You guys have already had a discussion on the trade-off before #36. What degree of speed-up justifies the use of Numba? Any thoughts on this particular case?

coveralls · 2014-11-28T14:50:14Z

Coverage decreased (-0.46%) when pulling 0bbb5f9 on oyamad:gth_solve_jit into bb4e9a7 on QuantEcon:master.

albop · 2014-11-29T18:38:44Z

In this particular instance, factoring out the loops should not provide performance gains, because of the automatic loop-lifting feature that was introduced recently in numba. I haven't tested it, but it should be enough to just jit the whole function. The important modification though is still to type the array and to replace the matrix multiplication by custom code, so that the loop (or the factored out) function can be compiled in nopython mode. At one point, nopython mode will certainly have support for matrix multiplication so this won't be required anymore.
This shows a hidden tradeoff of numbaification: in certain cases like this one, the numba code can be almost identical to the original one, but to understand the changes that are needed for the compilation, one often needs an intermediate factored-out step to figure out which changes are needed.

sglyon · 2014-11-29T20:20:13Z

@oyamad: good work here, very cool.

@albop: Great to have a numba expert on the team

oyamad · 2014-12-02T03:01:28Z

@albop Thanks.

I tried a bit putting jit on the whole function, and here are what I found:

With Numba 0.14.0, this function (with matrix operations replaced with for loops) seems not to allow nonpython mode, where the second one of the Loop Jitting Constraints (version 0.14.0) seems to be violated.

(Note that this is the version contained in the current Anaconda; see Package Documentation.)
EDIT: conda update numba updates the default Numba to 0.15.1.

I installed Numba 0.15.1, the constraint above has been removed from the Loop Jitting Constraints (version 0.15.1). It seems the automatic nopython mode is working, but it is much slower than the original numpy version; it is 50x slower for a 100x100 matrix (and much worse for 1000x1000). See the demonstration.

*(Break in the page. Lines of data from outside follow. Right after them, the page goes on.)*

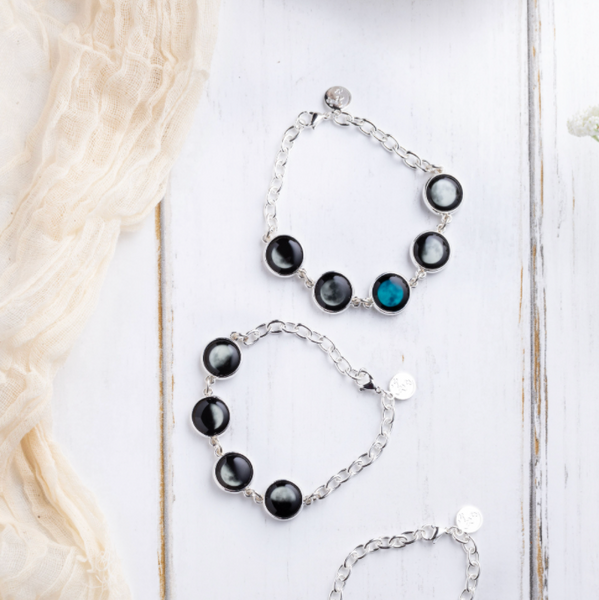 Once you have selected your date, choose from our collection of bracelets, necklaces and more to carry your detailed high resolution image. As an added bonus, your moon will gently glow in the dark, reminding you of that special moment.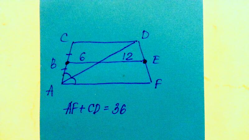 В равнобокой трапеции диагональ является биссектрисой острого угла и делит среднюю линию трапеции на отрезки длиной 6 и 12. Найдите периметр трапеции.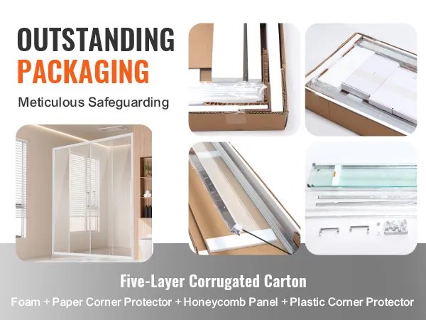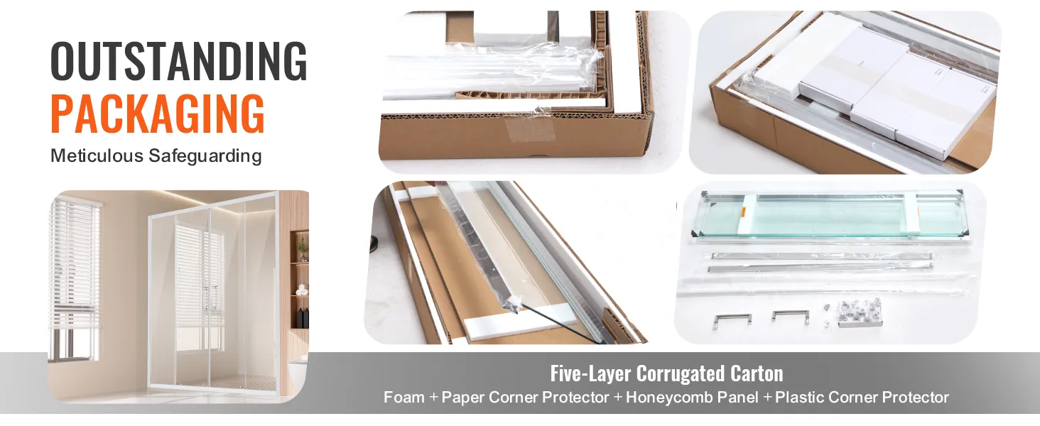 De buitenverpakking van de semi-frameloze doucheschuifdeur is gemaakt van vijflaags golfkarton bekleed met schuim, papieren hoeken, honingraatpanelen en plastic hoeken om de integriteit van fabriek tot installatie te maximaliseren.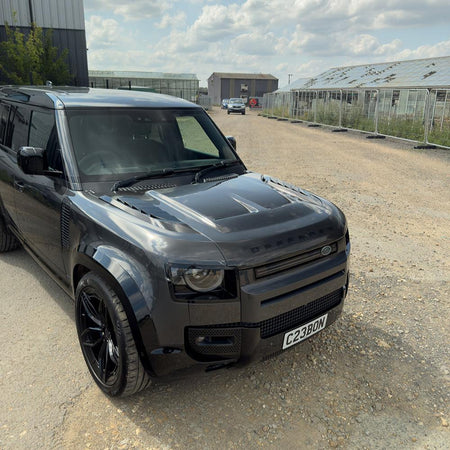 CT Carbon brings this SV style hood/bonnet for the Land Rover Defender 110, 130 and 90, made from high-quality ultra-lightweight pre-preg carbon fibre, a stunning transformation for the front end of your vehicle.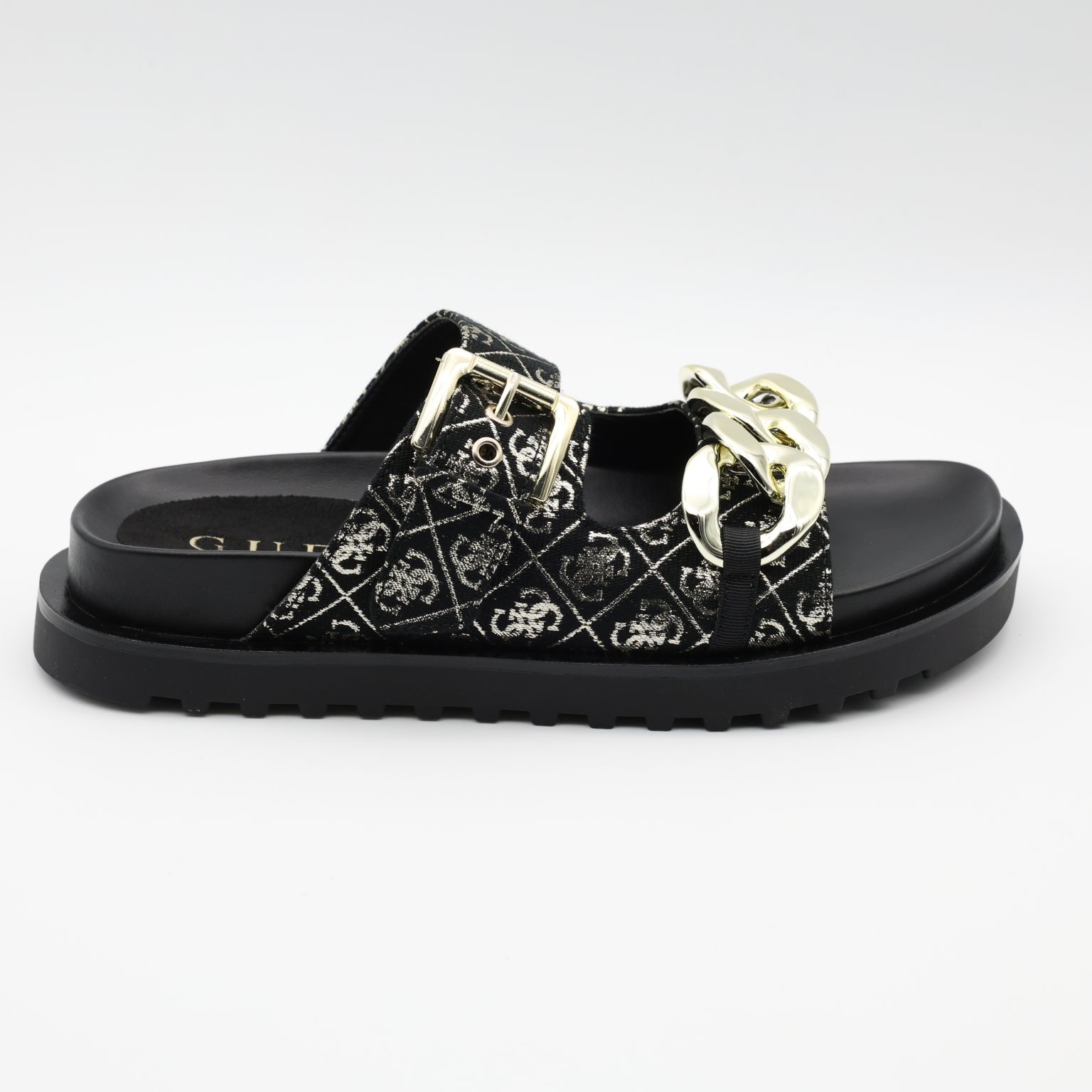 Os chinelos Fatema da GUESS combinam conforto descontraído com um visual moderno e cheio de atitude. Perfeitos para os dias de verão ou momentos de relax. Destacam-se pelos detalhes de assinatura da marca, conferindo-lhes um toque fashion mesmo em looks mais casuais.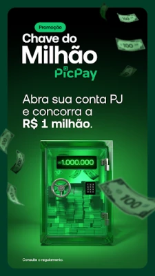 Para participar basta cadastrar sua chave Pix no PicPay. Você concorre a R$1 milhão no sorteio final e a prêmios semanais em dinheiro. Abra a sua conta PJ no PicPay Empresas e garanta um número da sorte extra! Quanto mais PicPay você usar, mais chances você tem para concorrer.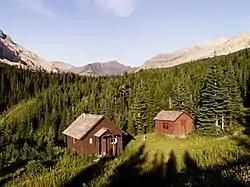 The Slide Lake-Otatso Creek Patrol Cabin and Woodshed in Glacier National Park are a small group of rustic buildings in the park's backcountry. Built in 1936, the patrol cabin is a frame building, unlike the more typical log patrol cabins found throughout the park. The similar woodshed is nearby.[2][3] The cabin's proximity to the Alpine-themed Many Glacier Hotel may have influenced the decorative detailing, which is unique in Glacier. The only other frame patrol cabin is the Fielding Cabin, in the southern part of the park. The cabin was completely reconstructed in the 1980s "to thwart a particularly aggressive pack rat population".[4] The buildings are located along Otatso Creek, 1.25 miles (2.01 km) downstream from Slide Lake.

Maybe I need some more tricks to let this work?

albop · 2014-12-02T04:34:05Z

@oyamad I see two possible explanations:

they temporarily removed the support of AVX instructions in 0.14, which could affect the efficiency of auto-vectorization. Since I don't know very precisely, when LLVM triggers auto-vectorization, I can't tell very well where it happens. The np.sum function is certainly affected.
more importantly, it looks like loop-lifting is still failing. In the llvm machine code, there are some :pyobject types starting on line 20. It seems to be due to the break statement and to the fact that it disables loop lifting in 0.15.1 (another temporary fix).
Replacing one for loop by a while instruction should do the trick, but I don't know if you want to do that.

oyamad · 2014-12-02T06:28:04Z

@albop Great, you are right.

I removed the if block which contains a break statement, then loop-lifting now works. See

this for a custom environment, and
this for an Anaconda environment with Numba updated to 0.15.1.

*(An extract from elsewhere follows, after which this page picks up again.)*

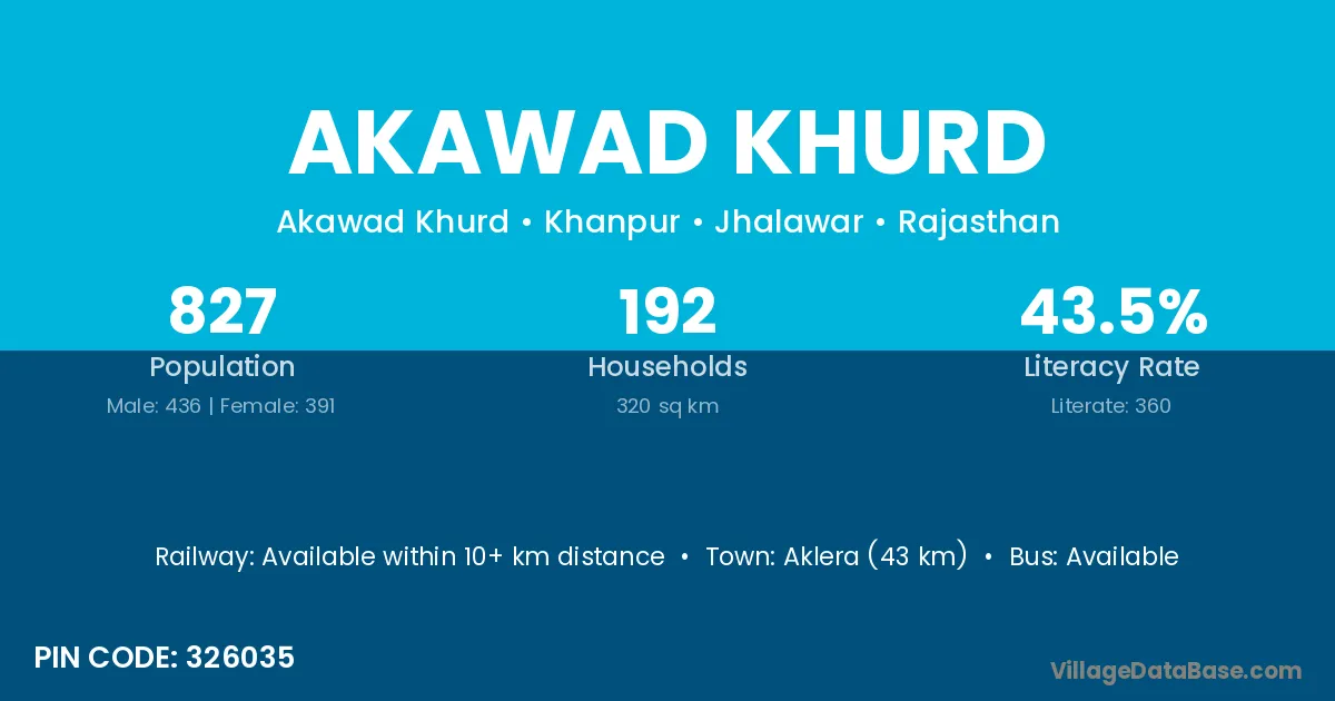 Aklera (43 km) is the nearest town to Akawad Khurd village for major economic activities and is located approximately 43 km away.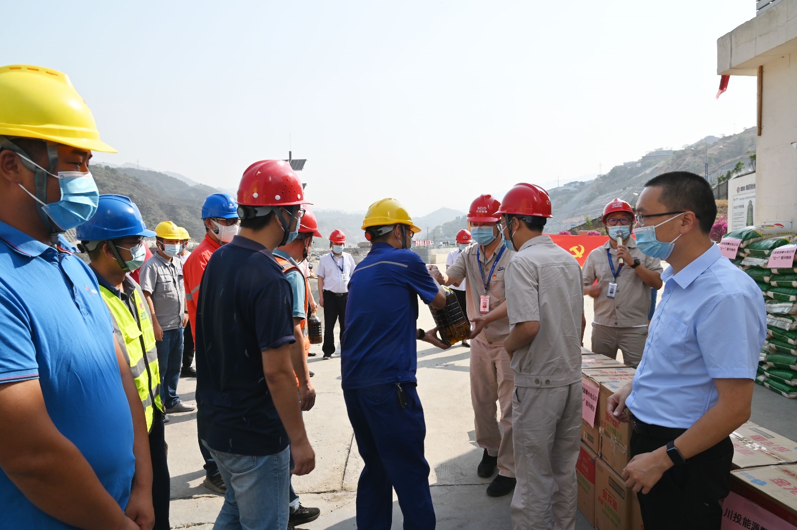 “五一”國(guó)際勞動(dòng)節(jié)前夕,4月30日上午,川投能源副總經(jīng)理、攀水電公司黨總支書記、董事長(zhǎng)徐孝剛帶隊(duì)來(lái)到銀江水電站愛(ài)心驛站,慰問(wèn)冒著高溫酷暑戰(zhàn)斗在銀江水電站工程一線的建設(shè)者們。慰問(wèn)活動(dòng)由公司黨總支委員、董事會(huì)秘書、工會(huì)主席鄧勇主持,公司在攀領(lǐng)導(dǎo)、黨員先鋒隊(duì)及志愿者服務(wù)隊(duì)共20余人參加慰問(wèn)。

It works even without type declaration.

gth_solve_jit: loops factored out
gth_solve_jit2: automatic loop-jitting with type declaration
gth_solve_jit3: automatic loop-jitting without type declaration

gth_solve_jit2 and ``gth_solve_jit3exhibit almost the same speed asgth_solve_jit` for large matrices; slower up to 3x for small matrices, but in these cases, the absolute difference should be negligible.

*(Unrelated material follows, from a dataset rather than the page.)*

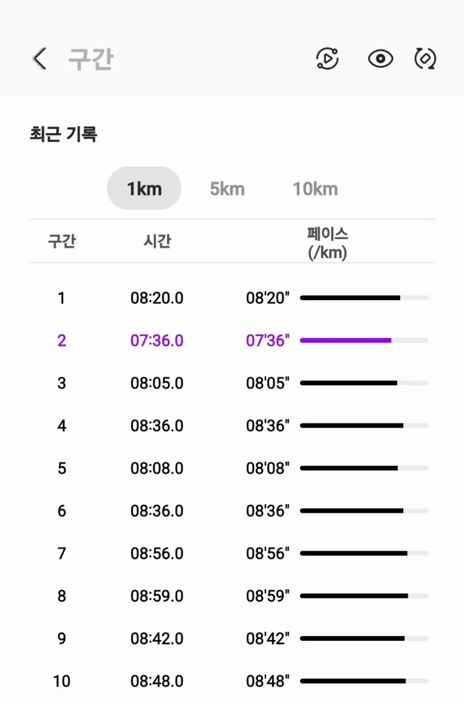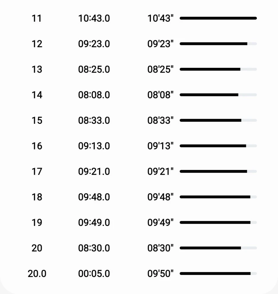 11km 지점에서 간식을 사서 기록이 가장 저조합니다. 저 같은 수준은 기록을 아직 논하기보다 연습에 초점을 두고 달리지만 나중에 기록을 보면 흐뭇하고 뿌듯합니다.

(For an irreducible matrix input, scale will not be equal to zero (at least theoretically), so the if block is not necessary if we restrict to irreducible matrices.)

albop · 2014-12-02T06:44:26Z

Excellent ! I'm glad I could help. I wonder where the small difference between 1 and 2-3 comes from. If they come from the loop-lifting part, they are probably going to vanish over time.

jstac · 2014-12-02T10:05:57Z

This is pretty cool.

What do other people think of the speed up / complexity trade off?

My rule of thumb has been that if it's not somewhere near two orders of magnitude then it's not worth putting effort into, but maybe that's too strict. Is a one order of magnitude speed up worth the extra complexity?

Adding Manifest In File to Distribute LICENSE and README.md

…here numba is not installed

`numba_installed` flag introduced

oyamad · 2015-04-23T15:16:27Z

I updated gth_solve.

I believe the routine should check whether the denominator is nonzero. Then by adding one line, it can allow a reducible matrix input.
Then I need a break statement in a for loop (actually it can be replaced by some dirty code, which I want to avoid), but with it automatic loop-jitting is not activated. So I need to separate the for loops part to be run in a nopython mode.
I added the NumPy version back.
There remains the testing issue (the NumPy version is not tested if Numba is installed).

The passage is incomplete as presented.